Paying your financial adviser: How much is too much?

Q: My late mother had her money managed by a man she trusted completely. We have kept our inheritance with him. For his services, we pay about $500 a quarter. My mother-in-law's portfolio is managed through her bank, and she pays nothing in management fees. I have also heard about management through the Internet with much lower fees. While I'm not dissatisfied with his services, $2,000 a year seems a great deal of money. What are some things to consider when choosing portfolio management services?
M.V.E., via e-mail

A: In general, 1 percent is a normal fee for asset management. In your case, $2,000 would equate to $200,000 in assets. Amounts that small, says certified financial planner Raymond Nasser, of Midlothian, Va., often have fees of about 1.5 percent, so 1 percent might be a bargain.

Mr. Nasser questions cheaper alternatives for asset management. Fees will be assessed one way or another, he says, either directly or, in the case of mutual funds, indirectly by the financial professionals who recommend these investments.

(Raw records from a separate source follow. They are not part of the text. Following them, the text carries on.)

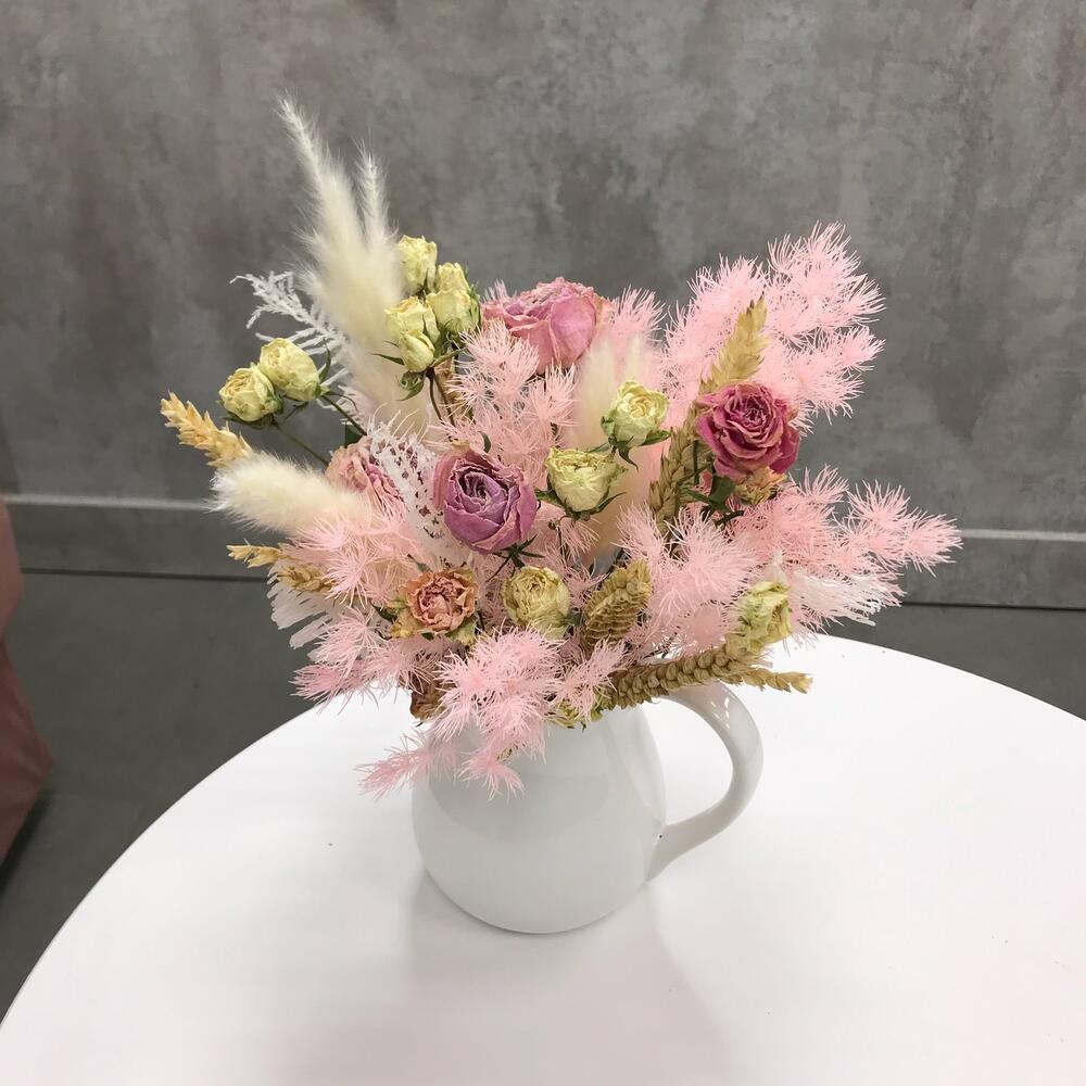 Композиция из сухоцветов и засушенных цветов в керамическом кувшине
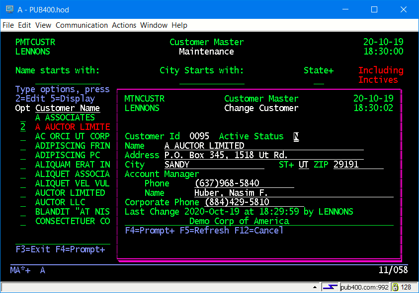 RPG program that maintains a customer. Customer id is provided as the first parameter. It also adds or displays a customer. Function is controlled by the second parameter. It is called from PMTCUSTR, but it could be called from any program that has a customer id available, or which needs to add a customer.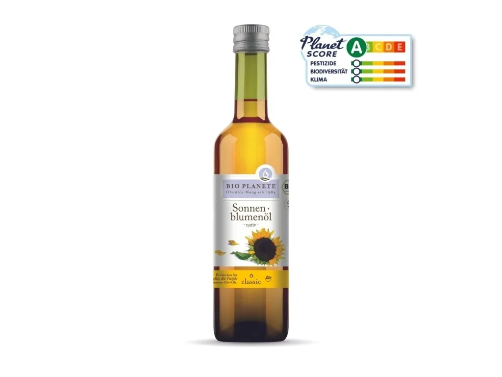 Unser Sonnenblumenöl nativ schneidet beim Planet Score in allen vier Bereichen mit der Bestnote »A« ab.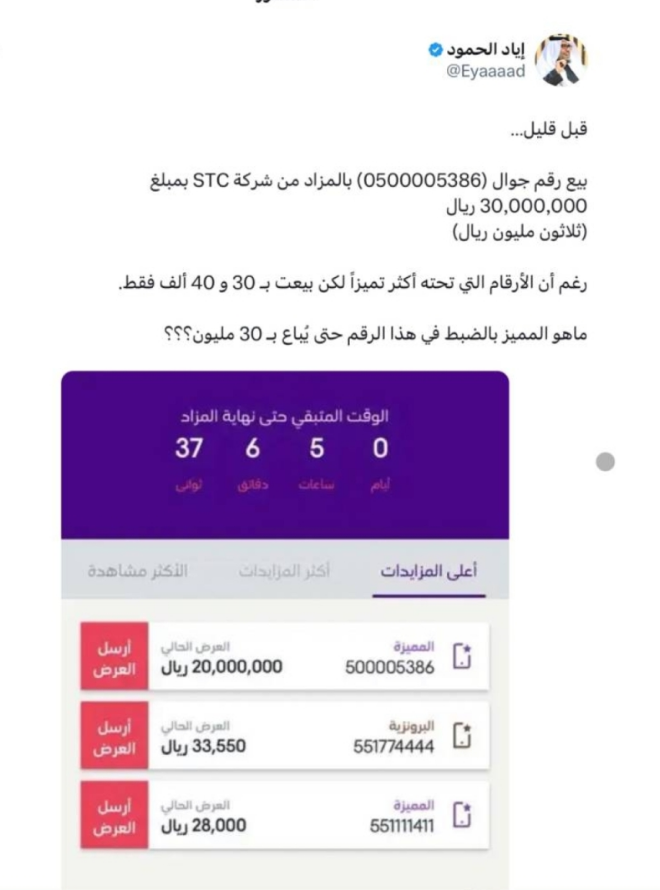 قام الناشط في منصة إكس وهو إياد الحمود بالتعبير عن الاستغراب من أمر بيع جوال في مزاد لشركة stc للاتصالات السعودية، وتم البيع بمبلغ 30 مليون ريال.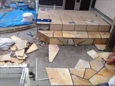 ![]() 玄関前の階段を新しく造り直して、乱形石(イエロー)を貼っています。自然石なので、加工しないで使える石や加工しないと合わない石など様々な形が組み合わさります。 |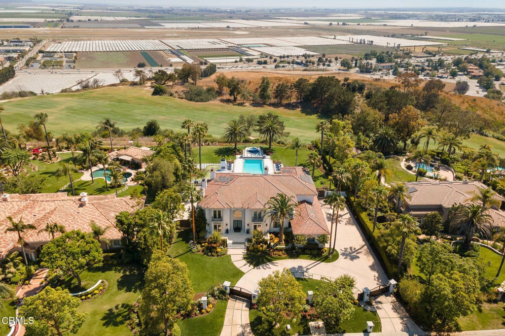 Tucked away in Camarillo's coveted Spanish Hills community and perched on the 15th fairway of the Spanish Hills Club, 1069 Corte Barroso sits on one of the best lots in the neighborhood. This grand 7,121 SF contemporary estate on a flat, lush 1-acre lot features 6 bedrooms, 6.5 bathrooms, and a fully gated entrance offering premier privacy and exclusivity. Panoramic golf course and ocean views elevate everyday living in this beautifully designed residence that blends rich textures, clean lines, and luxurious scale. A dramatic formal entry welcomes you into voluminous interiors, where a soaring great room with a stone fireplace and oversized windows creates an elegant yet inviting space for gathering. The fully renovated and expanded kitchen is a chef's dream, outfitted with paneled Sub-Zero and Asko appliances, Wolf double ovens, induction + gas cooktop, microwave, two warming drawers, a large island with breakfast bar, dining area, built-in desk, and separate scullery. Oversized windows and a wall of French doors frame the serene outdoor space, enhancing the seamless indoor-outdoor flow. Flanking the entry are formal living and dining rooms, while the true showpiece downstairs is a moody, speakeasy-style bar with mini fridges, ice machine, oversized wine fridge, and custom woodwork. The main level also includes a spacious primary suite, laundry room, and an additional bedroom converted into a stunning office with custom cabinetry. Upstairs, a second expansive primary suite offers a large sleeping area, sitting room, modern electric fireplace, and French doors that open to a private terrace with jaw-dropping 180-degree views of Camarillo, the golf course, airport, and the Channel Islands--where sunsets are a daily highlight. Three additional guest bedrooms upstairs each feature ensuite baths for optimal comfort. The entertainer's backyard features lush, meticulously landscaped grounds, a renovated pool and spa, covered patio with built-in speakers, TV lounge with fireplace, full outdoor kitchen, putting green, and separate fire pit area. With an oversized 3-car garage, Tesla wall, owned solar and water purification systems, RV parking, and a truly unbeatable location, this estate is a rare offering and an exceptional place to call home.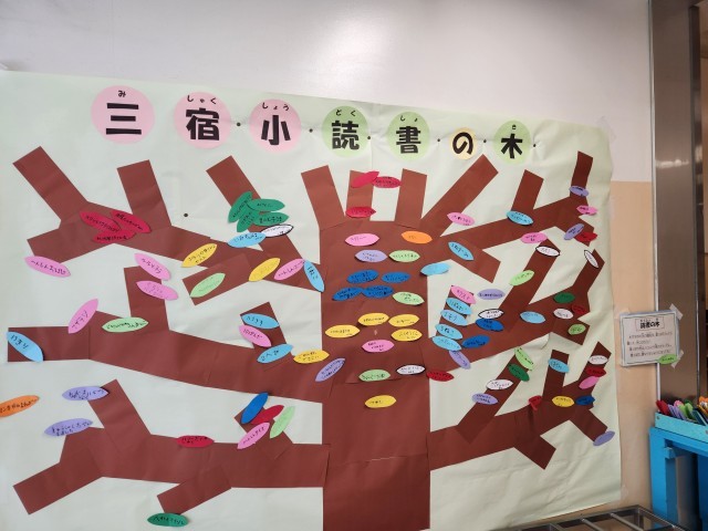 「読書の木」を児童昇降口に掲示しています。おすすめの本の題名を葉っぱの形のカードに書いて貼っています。カードの色は、にじいろ班の色です。

One less expensive way would be to find an adviser who charges by the hour and ask him or her for quarterly advice on what to do with money that you manage. If you go that route, look for an adviser on the National Association of Personal Financial Advisors website (www.napfa.org).

When selecting an adviser, Mr. Nasser says find someone with whom you have some rapport and who understands your risk tolerance, as well as your need for income and/or portfolio growth. Check the adviser's references to make sure he or she isn't in any regulatory trouble.